All is normal on the run up, and I talk to the flight services guy in the tower and then take off. I say good bye to flight services guy but continue to monitor his frequency, and tune 126.7 on the other radio for en route traffic. At eight-thirty in the evening up here the sun angle is like four in the afternoon down at the 49th. It's hot in the cockpit, but I need to run the heater for the comfort of the picky computer equipment in the back. I spend a while moving vent sliders around trying to make it comfortable for me, and cozy for the computers, too. The mission specialist goes off headset for a while in order to take off his fleece.
Not only have I not flown in three months, but they have changed out the type of equipment I am using, so I'm looking at a screen I haven't seen in about a year. I stare at it for a moment, trying to remember where it means I'm supposed to go, and then I go to work. I remember this. I know how to do it. I'm good at this. Somehow my temperament--and bladder--is suited for this type of flying. I settle back into my routine, burning an hour of fuel out of each set of tanks so that nothing is so full it's spilling out the vents, and then systematically work through the various tanks. I plan to land at 2:15 a.m.
There are a couple of pilots in Cessna 172s hopping around beneath me, position reporting between small places I saw on the map. They chat to each other about how fine the weather is tonight and where they are going. As they say their call letters I picture them painted on the side of the airplanes. I remember things better visually then as sounds. One of them is CXD, which trips a switch in my head because they are all letters used in Roman numerals: 110-500, not that that means anything. When there's a break in their conversation I call up CXD and ask them what they're doing, just trying to join the conversation. The answer is a fairly terse "flying from Worsely to Fairview." And then they stopped talking to each other. I guess they forgot they weren't alone up here.

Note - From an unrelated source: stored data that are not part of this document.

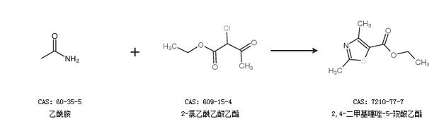 2.通過(guò)乙酰胺和2-氯乙酰乙酸乙酯合成2,4-二甲基噻唑-5-羧酸乙酯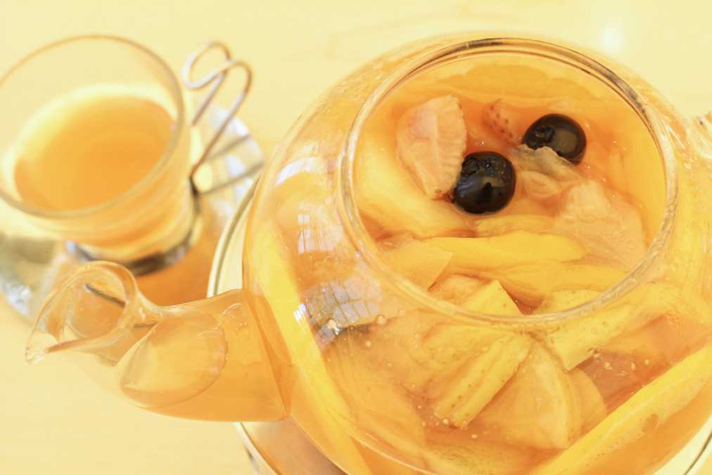シロップを入れなくても、果物だけで十分な甘さ。一杯目はすっきり、柑橘のさわやかな風味が広がります。じっくりと温めているうちに、だんだん味わいが変わってくるのも魅力。ゆっくりと会話をしながらお茶を楽しめます。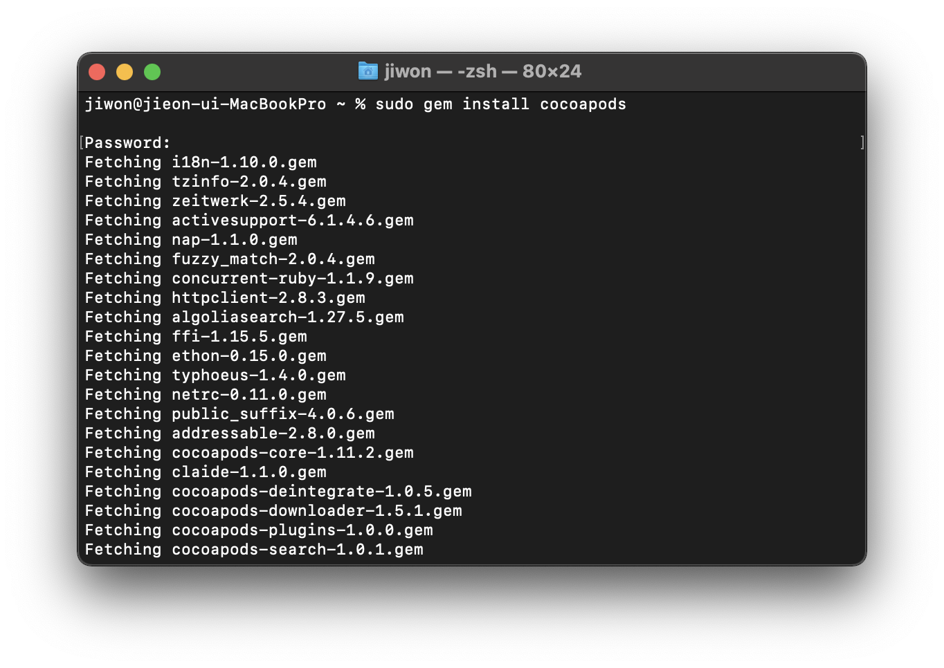터미널에 아래 명령어를 입력하여 Cocoapods를 설치합니다.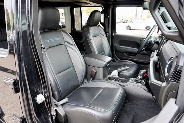 UsedThis 2021 Black Clearcoat Jeep Wrangler Unlimited Rubicon 4xe 4WD is well equipped and includes these features and benefits: Quick Order Package 29V, 2.0L I4 DOHC, 4-Wheel Disc Brakes, 4.10 Rear Axle Ratio, 9 Speakers, ABS brakes, Air Conditioning, Alloy wheels, AM/FM radio: SiriusXM, Apple CarPlay/Android Auto, Auto-dimming Rear-View mirror, Automatic temperature control, Body Color 3-Piece Hard Top, Body Color Fender Flares, Brake assist, Compass, Delay-off headlights, Driver door bin, Driver vanity mirror, Dual front impact airbags, Dual front side impact airbags, Electronic Stability Control, Emergency communication system: SiriusXM Guardian, Freedom Panel Storage Bag, Front anti-roll bar, Front Bucket Seats, Front Center Armrest w/Storage, Front dual zone A/C, Front fog lights, Front License Plate Bracket, Front reading lights, Fully automatic headlights, Garage door transmitter, Heated door mirrors, Illuminated entry, Integrated roll-over protection, Jeep Trail Rated Kit, Leather steering wheel, Low tire pressure warning, Navigation System, Occupant sensing airbag, Outside temperature display, Panic alarm, ParkView Rear Back-Up Camera, Passenger door bin, Passenger vanity mirror, Performance Suspension, Power door mirrors, Power steering, Power windows, Premium Cloth Low-Back Bucket Seats, Radio data system, Radio: Uconnect 4C Nav w/8.4″ Display, Rear anti-roll bar, Rear reading lights, Rear Window Defroster, Rear Window Wiper/Washer, Remote keyless entry, Remote Proximity Keyless Entry, Remote Start System, Security system, Speed control, Split folding rear seat, Steering wheel mounted audio controls, Tachometer, Telescoping steering wheel, Tilt steering wheel, Traction control, Trip computer, Variably intermittent wipers, Voltmeter, and Wheels: 17″ x 7.5″ Machined/Painted Black Prices shown are manufacturer suggested retail price only and do not include taxes, license, documentation fee, smog fee, dealer installed options and other applicable charges. Vehicles are subject to prior sale. Vehicle information is based on standard equipment and may vary from vehicle to vehicle. Not responsible for typographical errors. CARFAX One-Owner. Priced below KBB Fair Purchase Price!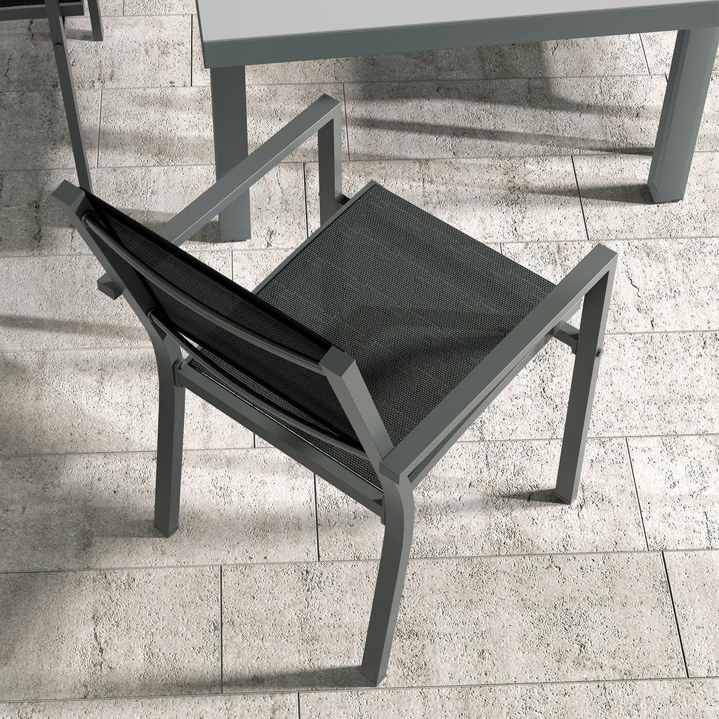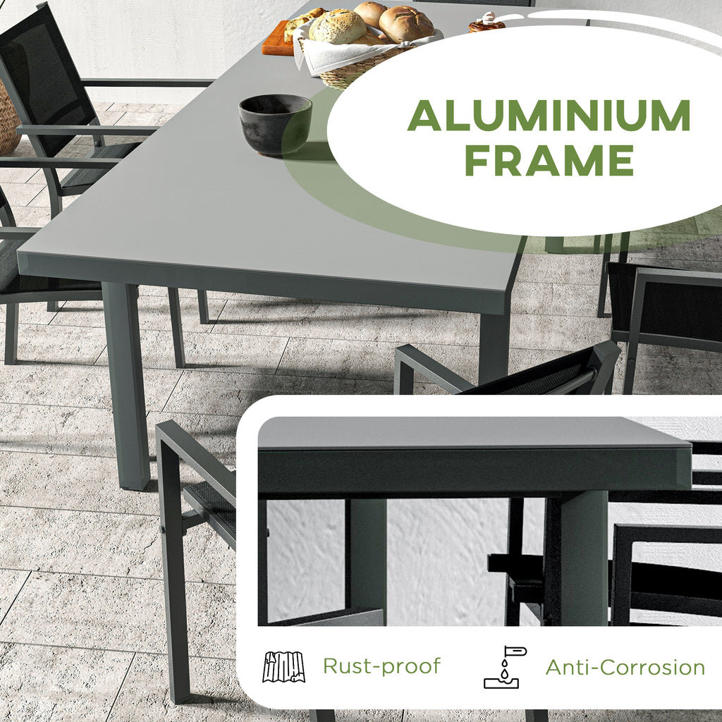 Che si tratti di un brunch nel fine settimana, di una cena o di un incontro serale in compagnia, lascia che questo set da giardino per 6 persone sia la soluzione alle tue esigenze. Grazie all'utilizzo dell'alluminio per la struttura delle sedie da pranzo e del tavolo rettangolare, ogni pezzo del set da esterno si rivela robusto e resistente, grazie anche a un tessuto a rete traspirante su tutte le sedie per sedersi comodamente.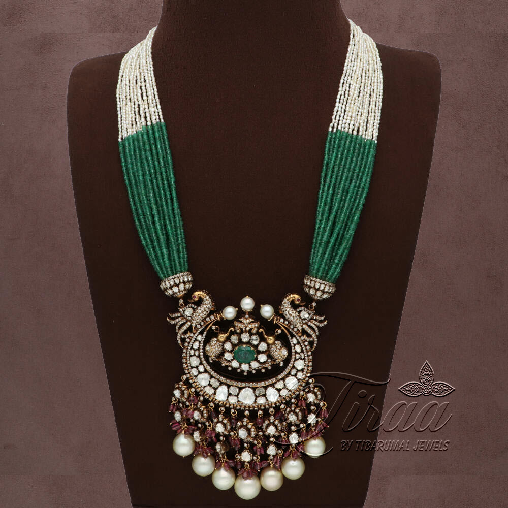 Purity 18K  Flat Diamonds 8.65 cts, Diamonds 9.52 cts, Emerald 3.99 cts, Emerald beads 132.95 cts, South sea pearls 222.75 cts, Tourmaline beeds 33.00 cts.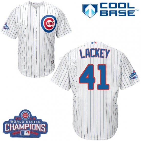 Home>MLB>Chicago Cubs>John Lackey>Youth Majestic Chicago Cubs #41 John Lackey Authentic White Home 2016 World Series Champions Cool Base MLB Jersey

Fifty gallons of avgas later I'm still in the sky and so is the sun. My hat is in my checked bag, so I have to depend on my skinny sunvisors and my sunglasses for protection from that ball of fire. I estimate it is still fifteen degrees above the horizon, maybe a little less. When will it set? When I'm flying I can't put my whole brain over to arithmetic, because I'm looking out the window, manipulating the controls, squinting at my screens, and paying attention to all the little things I don't even realize I'm looking at. So I chunk arithmetic up into easy bits. Three hundred sixty degrees in twenty-four hours, one hundred eighty in twelve, ninety in six, forty-five in three, so fifteen degrees an hour. But I know it will be in the sky for a lot longer than an hour. The sun doesn't go straight down here, it moves diagonally towards the horizon. At my latitude, three weeks before the solstice I suppose I could calculate its angle of descent and use trigonometry to determine when it will reach the horizon. But I just eyeball it and estimate that it will hit the horizon at about eleven. If I were a few degrees further north and it were a few weeks later it wouldn't go down at all. It would just slide around the edge of the horizon before angling back up.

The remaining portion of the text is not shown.